▶ **To do**: Beginning at the line with "Tory Burch Blue/Grey", please repeat each line exactly through the end of the records below, including that first line and the last, but no pictures.

▶ **Exercise inputs**:
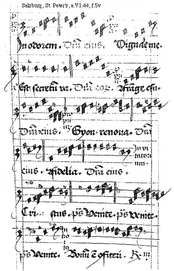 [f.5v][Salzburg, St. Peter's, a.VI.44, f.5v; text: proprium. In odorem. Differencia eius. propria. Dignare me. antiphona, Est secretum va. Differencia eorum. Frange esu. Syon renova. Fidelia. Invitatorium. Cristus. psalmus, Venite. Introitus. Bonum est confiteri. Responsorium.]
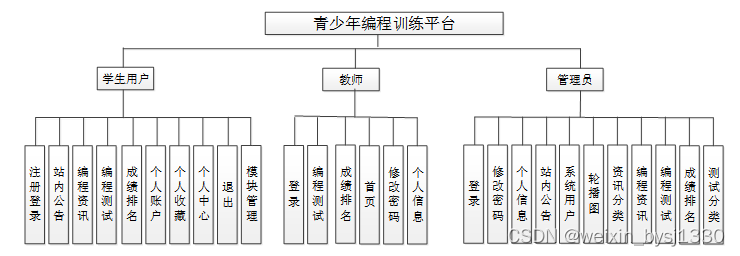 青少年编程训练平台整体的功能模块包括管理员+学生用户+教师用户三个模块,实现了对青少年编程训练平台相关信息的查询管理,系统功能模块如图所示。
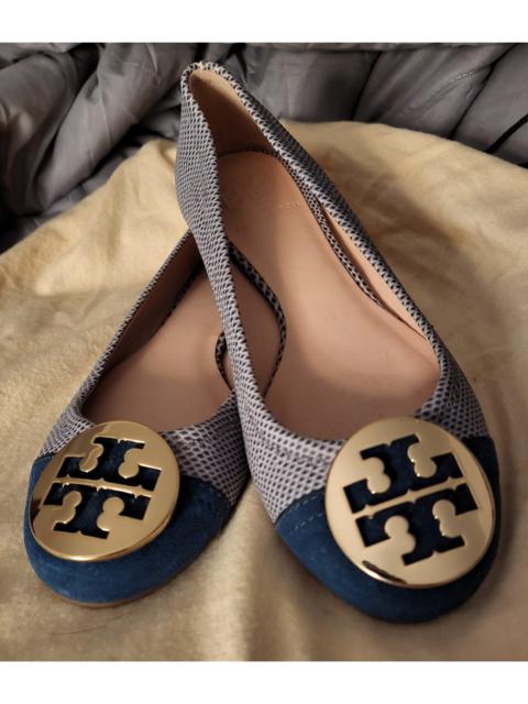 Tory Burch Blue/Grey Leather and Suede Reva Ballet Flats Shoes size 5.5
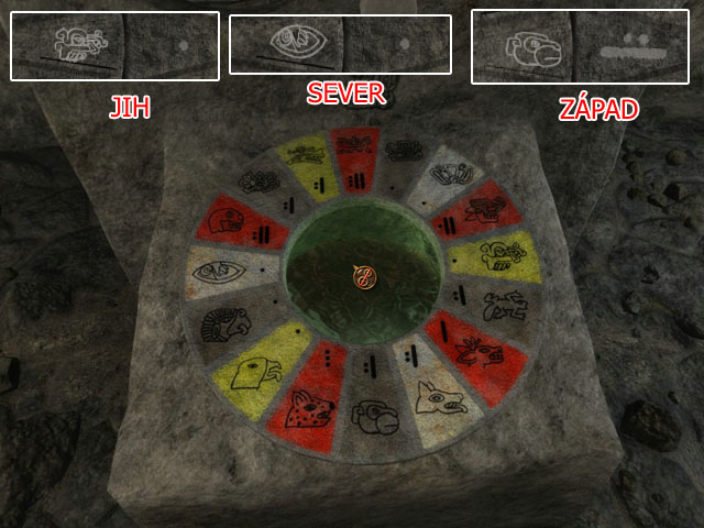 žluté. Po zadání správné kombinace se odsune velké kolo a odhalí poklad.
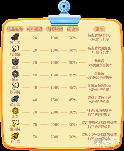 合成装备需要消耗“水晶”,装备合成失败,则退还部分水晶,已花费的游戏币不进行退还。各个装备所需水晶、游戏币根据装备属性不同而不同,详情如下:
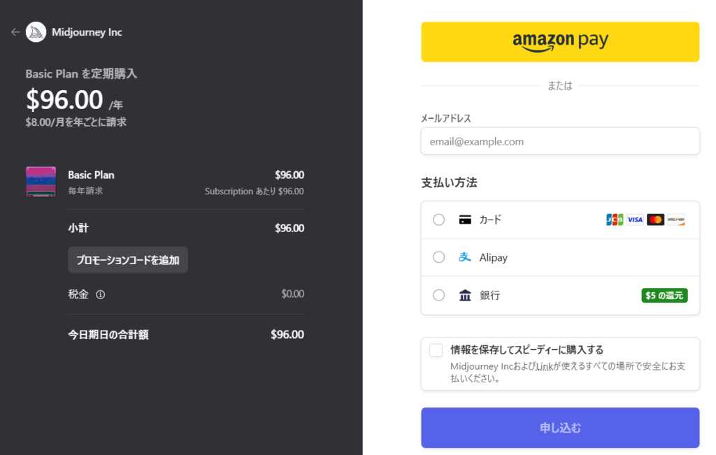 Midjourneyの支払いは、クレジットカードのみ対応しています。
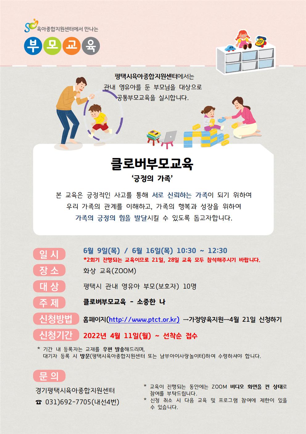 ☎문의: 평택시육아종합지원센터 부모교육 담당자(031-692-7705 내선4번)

▶ **Solution to this problem**:
 Tory Burch Blue/Grey Leather and Suede Reva Ballet Flats Shoes size 5.5
 žluté. Po zadání správné kombinace se odsune velké kolo a odhalí poklad.
 合成装备需要消耗“水晶”,装备合成失败,则退还部分水晶,已花费的游戏币不进行退还。各个装备所需水晶、游戏币根据装备属性不同而不同,详情如下:
 Midjourneyの支払いは、クレジットカードのみ対応しています。
 ☎문의: 평택시육아종합지원센터 부모교육 담당자(031-692-7705 내선4번)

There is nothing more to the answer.